4. 2002 to 2006 Honda CRV are All Wheel Drive (AWD)
- Pay particular attention to all four tires being the same make and model.
- Run your hand over the tires and check for any irregularities
- When buying tires for an all wheel drive car you need to buy all four at once and get an all four wheel alignment. If the car has different tires with different tread depths– avoid the car– it can cause problems with the AWD system. Also, factor in four new tires and a four wheel alignment if it needs it ($400-800 total depending on tire quality).
5. 2002-2006 Honda CRV’s have the K24A1 engine.
- 2002-2006 Honda CR-V’s are timing chain engines— no timing chain needed (that is when a car has a timing belt).
- Oil changes are an absolute must. I recommend changing the oil every 5000 miles with synthetic. people seem to abuse this Engine with lack of oil changes, and sludge and build up will destroy the engine.
- Rust can be a big issue on these cars. If it is ever seen the East Coast or lived in the Rust Belt aka “Salt Belt” for any amount of time be sure to check for rust on the frame. Do not buy the car if it has bad rust.
6. Make sure to check the AC system very closely as well.
- These cars are known to have problems with AC, and that is one thing that most people forget to check when buying a used car.
- It is referred to as the black death A/C problem on these cars– so be aware!
7. SRS (Airbag light problems) are common!
- Check the passenger seat and make sure the wires are clear under the seat for the sensor on the seat.

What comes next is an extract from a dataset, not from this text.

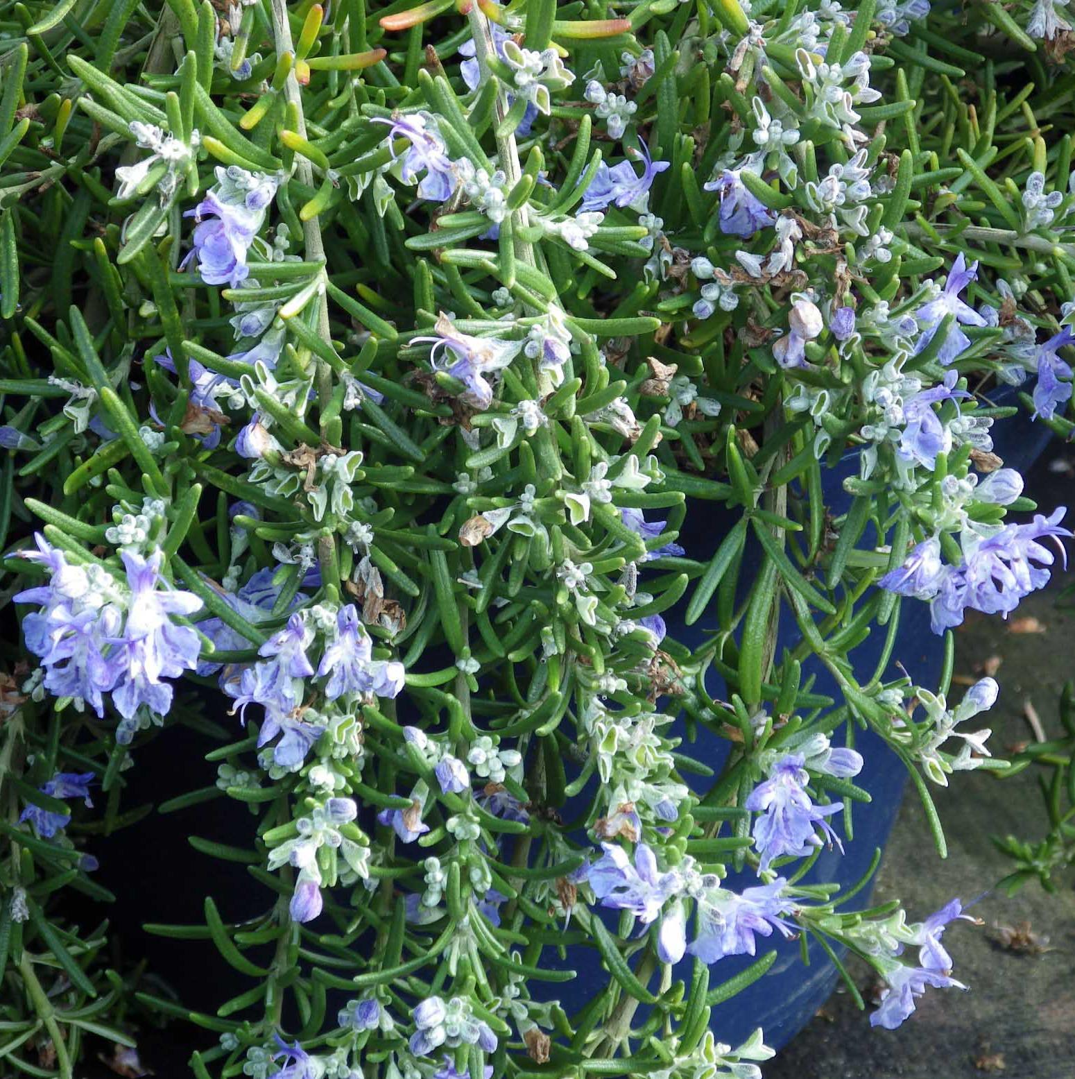 Розмарин лекарственный Корсикан Блю - вечнозеленый, густооблиственный Высота 0,5 м, ширина до 1,2м. С повторным цветением осенью. Беречь от вымокания. Корневая система мощная, сильно развитая, проникает в почву на глубину до 3—4 м. Многолетние побеги темно-серые, с отслаивающейся корой, деревянистые, однолетние — светло-серые, опушенные. Листья линейные, супротивные, сидячие, кожистые, длиной 1,5—3,5 см и шириной 0,2—0,4 см, с загнутыми вниз краями. Верхняя сторона темно- или светло-зеленая, блестящая, нижняя — опушенная. Цветки мелкие, собраны в густые метельчатые соцветия, нежно-голубого окраса. Розмарин начинает цвести в феврале - марте, массовое цветение наступает в конце апреля - начале мая и продолжается 20 - 25 дней. Розмарин засухоустойчив. В средней полосе и на севере зимует с укрытием. Но более надежно зимой содержать растение в прохладном и светлом помещении в контейнере.

- They tend to get crammed in the tracks of the seat and need to be rerouted or resoldered. There also may be a problem with the sensor in the back under the passenger seat– do some diagnosis! But know that is a common problem.

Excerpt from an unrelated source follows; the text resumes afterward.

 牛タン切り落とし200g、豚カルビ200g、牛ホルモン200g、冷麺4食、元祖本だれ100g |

8. Check for excessive burning oil!
- I mentioned this before, but as always try to be sure the engine isn’t drinking oil like gas. Here are some questions to ask the seller:
- Do you have to fill the oil in between changes? Do you check it inbetween changes (if no, that is a red flag for bad maintenance)?

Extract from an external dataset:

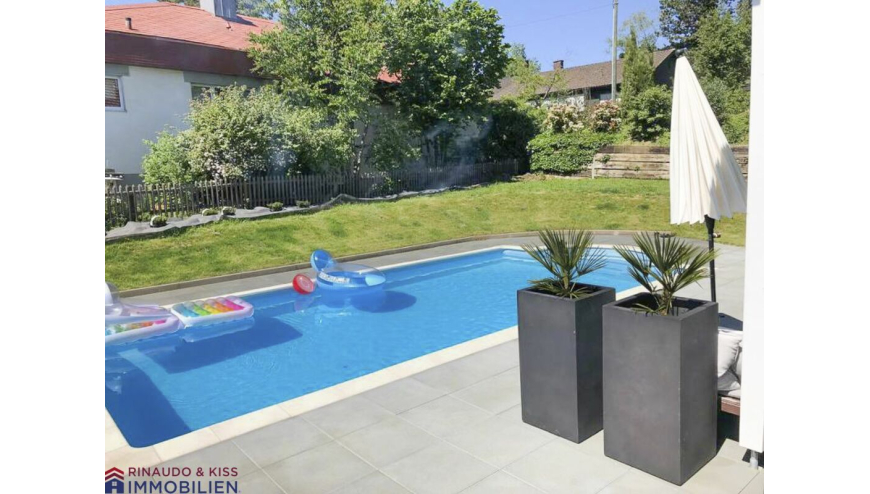 Sie haben einen gedeckten Sitzplatz auf der ganzen Gebäudelänge auf der Süd-Ost Seite und einen mit Plattenumgebenen Pool auf der Westseite des Hauses. Suchen Sie aus, wo Sie die Sonne oder den Schatten in dieser Gartenoase geniessen möchten. Je nach Ihren Bedürfnissen und Vorlieben nutzen Sie den Pool zum Schwimmen, Baden oder für andere Freizeitaktivitäten.

Look at the exhaust pipe– does it have black soot coating it? A car that doesn’t burn a lot of oil will have a light brown tailpipe. One that drinks oil will be black. This isn’t a rule, but a good place to check to verify your suspicions.
9. Test drive like a boss
- No radio on, no talking, just drive the car!
- Stop quickly, pay attention to noises, pulling, steering wheel shake, etc.
- Accelerate quickly– floor it! Get it up to 70-80mph. Any check engine lights now come on? Any shaking at high speeds? Anything feels sketchy?
- If the buyer gets uncomfortable with you pushing their car, then tell them you aren’t comfortable buying the car. The number of misfires I have found on cars simply by giving them full throttle and seeing how they do is crazy! It might put around town okay, but what happens when you open it up to get on the short freeway on ramp? It is a safety matter after all.
- Here is a video showing you how to perform a test drive on a used car like a boss:
10. Be ready to walk away!
- Remember DO NOT always buy the first car you go check out.
- Also, a seller will respect you much more if you let them know what price you are willing to pay and why. Then if they do want to think about it– let them! Honestly, if you show them cash, even hand it to them (say they are asking $7,500 and you think it is worth $6,000 take it out and place it in their hands when you suggest the price. It is much harder for them to give back the money than to refuse it in the first place.